Бываютъ бракосочетанія торжественныя, бываютъ и такія, когда вѣнчаются какъ бы украдкой. Причины тому различныя: недостатокъ средствъ, непослушаніе родителямъ, увозъ невѣсты: всѣ такія обстоятельства требуютъ, чтобы вѣнчаніе носило безусловно интимный характеръ.

Поль одинъ пришелъ въ церковь въ день своей свадьбы. У него не было друзей: въ мірѣ не найти бы другаго болѣе одинокаго молодаго человѣка, хотя бы уже потому, что медіумъ по характеру своей профессіи всегда бываетъ болѣе или менѣе одинокъ.

Въ Гарлей-Стритѣ Поль -- направлявшійся въ Мэрильбонскую церковь -- былъ остановленъ никѣмъ инымъ, какъ м-ромъ Эмануэлемъ Чикомъ.

-- Извините, м-ръ Пауль, сказалъ спиритъ, я былъ въ залѣ въ тотъ день, когда вы дѣлали свое сообщеніе.

-- Надѣюсь въ такомъ случаѣ, что вы приняли его къ свѣдѣнію, м-ръ Чикъ?

-- Съ удовольствіемъ выслушалъ и принялъ къ свѣдѣнію. То, что говорила послѣ того лэди Августа -- но вы ее не слышали -- все пустыя слова: мы знаемъ, м-ръ Пауль, мы знаемъ правду.

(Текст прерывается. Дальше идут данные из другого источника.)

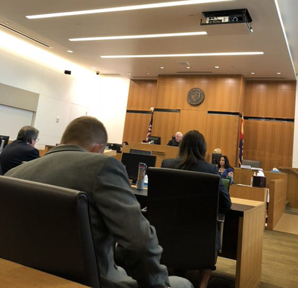 6月12日上午,受害人江玥的父親江勇、表姐徐翔,在中國駐洛杉磯總領館僑務組組長湯長安領事、教育組領事曹乾、亞利桑那州華人華僑聯合總會理事長楊文田等僑胞的陪同下,來到馬里科帕縣高等法院(Maricopa County Superior Court)共同參與江玥命案聽證會。

Онъ потеръ руки съ само довольствіемъ.

-- А теперь, сэръ, позвольте васъ спросить, развѣ я не сказалъ въ первый же вечеръ, какъ вы ихъ всѣхъ одурачили, что это чистѣйшій месмеризмъ?

-- Да, Чикъ, вы это сказали.

-- А вы за это на меня накинулись и послѣ того постоянно преслѣдовали. Не надо больше сеансовъ Эмануэля Чика. О, нѣтъ! Онъ уже устарѣлъ. Вредятъ другъ другу, вмѣсто того, чтобы поддерживать одинъ другаго.

-- Что же дальше, м-ръ Чикъ?

-- Да. А теперь вы задираете носъ, точно будто и не объявили передъ цѣлымъ свѣтомъ, что вы шарлатанъ.

-- По тому самому, Чикъ. Вотъ вы этого не заявили и, значитъ, не имѣете права задирать носъ.

-- Я всегда думалъ, что это вашихъ рукъ дѣло, что м-ръ Бруденель присовѣтовалъ мнѣ купить акціи его компаніи.

-- Нѣтъ я ничего не зналъ про это. Вы клевещете на меня, Чикъ.

-- Я не вѣрю вамъ. Ну да все равно, ваше ли дѣло, нѣтъ ли, а только хоть васъ и огорчитъ это, а м-ръ Бруденель поступилъ, какъ джентльменъ.

-- Нѣтъ, не огорчитъ. Я всегда считалъ его джентльменомъ.

-- Ну такъ вотъ знайте, что онъ уплатилъ мнѣ всю сумму сполна, цѣлыхъ двѣ тысячи фунтовъ. Было бы вамъ это извѣстно.

-- Благодарю васъ за сообщеніе, Чикъ. Мнѣ это пріятно слышать.

-- Мы, вѣроятно, не увидимъ васъ больше тамъ?

Онъ кивнулъ въ направленіи Сен-Джонсъ-Вуда.

-- Нѣтъ, Чикъ, нѣтъ, весело отвѣчалъ Поль, прощайте, прощайте.

Чикъ поглядѣлъ ему вслѣдъ.

-- У него есть то, чего у меня никогда не было, красивая наружность, пробормоталъ онъ. И при этомъ онъ фатъ. Это написано у него на лицѣ. Онъ фатъ и всегда будетъ фатомъ. Хотѣлъ бы я знать, для него онъ пошелъ на собраніе и отрапортовалъ имъ это. Хотѣлъ бы я знать, какая у него цѣль. Обратившійся медіумъ! На этомъ далеко не уѣдешь, иначе я бы тоже попытался. Хотѣлъ бы я знать, для чего онъ это сдѣлалъ?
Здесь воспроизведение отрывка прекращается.